If you have a question about this talk, please contact Wei Ming Khoo.
Safety-critical systems must be supplied with strong assurance that they are, indeed, safe. Top-level safety goals are usually stated quantitatively—for example, “no catastrophic failure in the lifetime of all airplanes of one type”—and these translate into probabilistic requirements for subsystems, and hence for software. In this way, we obtain quantitative reliability requirements for software: for example, the probability of failure in flight-critical software must not exceed 10-9 per hour.
But the methods by which assurance is developed for critical systems are mostly about correctness (inspections, formal verification, testing etc.) and these do not seem to support quantitative reliability claims.
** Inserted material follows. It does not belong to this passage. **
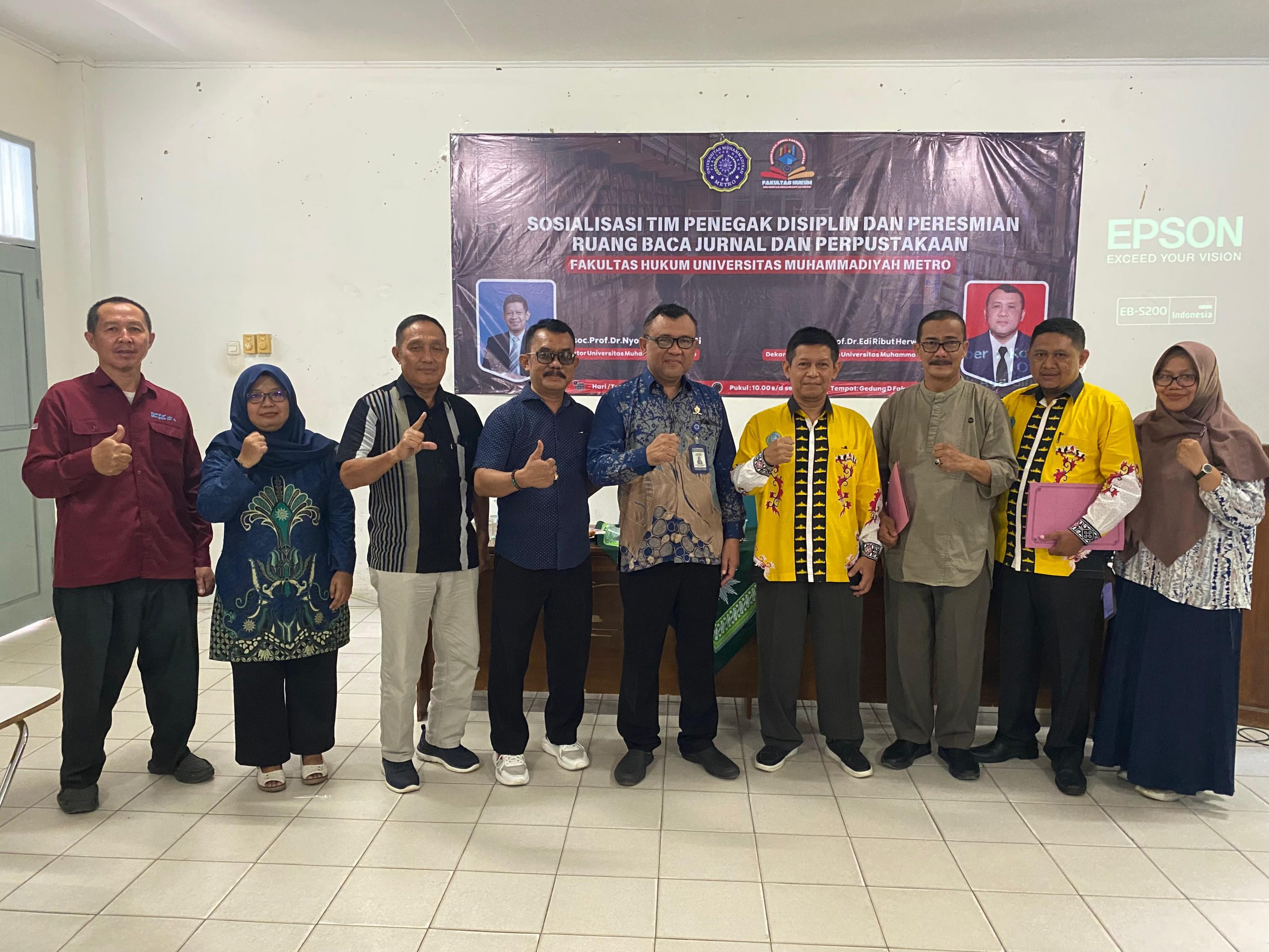 Mengingat pentingnya menegakkan tata tertib dan kualitas akademik di lingkungan kampus. Universitas Muhammadiyah (UM) Metro Lampung lewat Fakultas Hukum (FH) mengadakan sosialisasi hadirnya Tim Penegak Disiplin. Kegiatan ini sekaligus peresmian Ruang Baca Jurnal dan Perpustakaan baru di Ruang Rapat Fakultas Hukum. Ruang Baca Jurnal dan Perpustakaan itu diresmikan secara langsung oleh Rektor UM Metro, Rabu, (15/5/2024).

Furthermore, more stringent reliability goals require more extensive correctness-based assurance. How does more assurance of correctness deliver greater reliability?
I will resolve this conundrum by arguing that what assurance actually does is provide evidence for assessing a probability of “possible perfection.” Possible perfection does relate to reliability and has other attractive properties that I will describe. In particular, it allows assessment of the reliability of certain fault-tolerant architectures. I will explain how formal verification can allow assessment of a probability of perfection, and will discuss plausible values for this probability and consequences for correctness of verification systems themselves.
This is joint work with Bev Littlewood of City University, London UK.
This talk is part of the Computer Laboratory Security Seminar series.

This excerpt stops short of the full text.